El grupo subió al transporte en la plaza. Justo delante del portón que señalaba el fin de la zona en la que vivían los humanos, el transporte se detuvo y dos octoarañas, a las que nunca habían visto antes, treparon al vehículo. Richard practicó el uso de su traductor durante la conversación que siguió después entre Doctor Azul y los recién llegados. Por sobre el hombro de Richard, Ellie leía el monitor de su padre y comentaba sobre la exactitud de la traducción. En general, la fidelidad de la traducción era bastante buena, pero la velocidad, por lo menos en el ritmo normal de conversación octoarácnida, era demasiado lenta. Se traducía una oración mientras se “decían” tres, lo que obligaba a Richard a reajustar el sistema con regularidad. Naturalmente, no podía captar mucho de una conversación en la que perdía dos de cada tres frases.
Una vez que estuvieron del otro lado del portón, la vista desde el transporte se volvió fascinante. Los ojos de Nikki estaban enormemente abiertos mientras ella, Benjy y los mellizos, todos con mucha gritería, identificaban la mayoría de los animales a partir de la pintura octoarácnida. Las anchas calles estaban llenas de tráfico; no sólo había muchos transportes que se desplazaban en ambas direcciones sobre rieles, como un tranvía, sino también peatones de todas especies y dimensiones, seres que iban sobre vehículos con ruedas parecidos a monociclos y bicicletas, y un ocasional grupo con una mezcla de seres a bordo de un avestrusaurio.

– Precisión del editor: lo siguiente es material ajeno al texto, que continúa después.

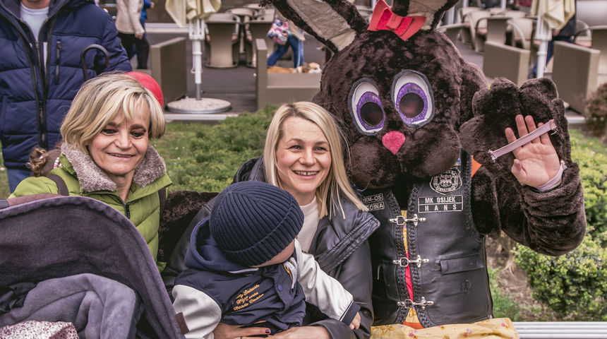 Osijek, 8.4.2023. – Motozeke još su jednom izvukli osmjehe na lice brojnih sugrađana u središtu Osijeka. Nemoguće je neprimijetiti ih kad uz puno buke ovi ljubitelji motocikala odjeveni u zekane stignu u grad, a najviše su im se kao i uvijek radovali najmlađi sugrađani.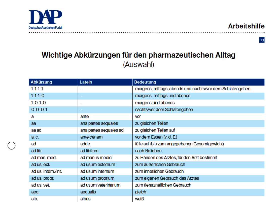 Arbeitshilfe Abkürzungen für den pharmazeutischen Alltag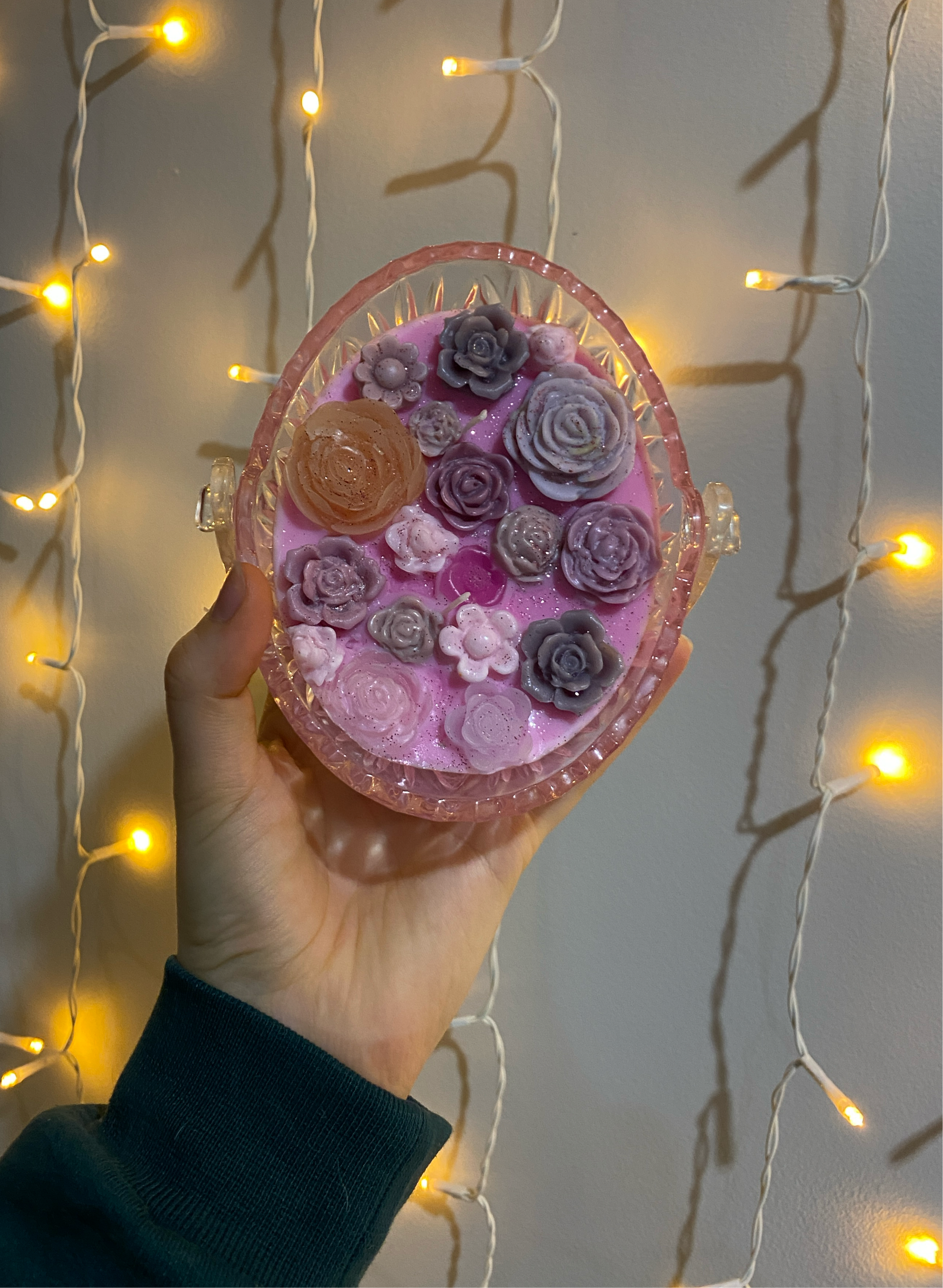 A glass basket candle, complete with functioning handle. Pink wax candle with flower details. One of a kind.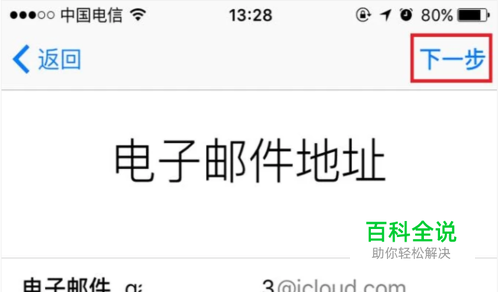 输入一个电子邮件地址,也就是Apple ID账号,点击右上角的“下一步”。在弹出来的询问窗口点击“继续”。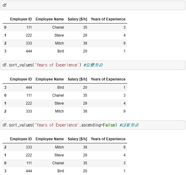 내림차순으로 하려면 ascending=False를 적어주시면 됩니다.

Max, que desde su llegada nunca había estado afuera de la zona para seres humanos, subrayaba sus observaciones con “mierdas”, “maldiciones” y algunas de las otras palabras que Eponine le había pedido que eliminara de su vocabulario antes del nacimiento de su hijo. Max se puso muy inquieto por el bienestar de Eponine cuando, en la primera parada del transporte después del portón, un pequeño conjunto de seres nuevos se apiñó en el vehículo. Cuatro de los recién llegados enfilaron rectamente hacia Eponine para examinar el “asiento” especial que las octoarañas habían instalado en el transporte debido a su avanzado estado de gravidez. Max se paró al lado de ella para protegerla, tomándose de uno de los rieles verticales diseminados por toda la longitud del vehículo, que tenía diez metros.
Dos de los nuevos pasajeros eran lo que los niños llamaban “cangrejos rayados”, seres de color rojo y amarillo, de ocho patas y tamaño aproximado al de Nikki, cuyos cuerpos redondos estaban cubiertos con un caparazón duro y lucían tenazas de aspecto intimidatorio. De inmediato, los dos empezaron a frotar las antenas contra una de las piernas desnudas de Eponine, por debajo de su vestido. Sólo estaban actuando con curiosidad, pero la combinación de la peculiar sensación y del aspecto insólito de los alienígenas hizo que Eponine se echara atrás, espantada. Archie, que estaba parado del otro lado de ella, extendió prontamente un tentáculo y empujó con suavidad a los alienígenas, para separarlos. Entonces, uno de los cangrejos rayados se irguió sobre sus cuatro patas traseras, haciendo castañetear las tenazas en el aire, frente a la cara de Eponine y, en apariencia, dijo algo amenazador con sus antenas, que vibraban con rapidez. Un instante después, la octoaraña Archie extendió dos tentáculos, levantó del piso del transporte al hostil cangrejo rayado y lo depositó afuera, en la calle.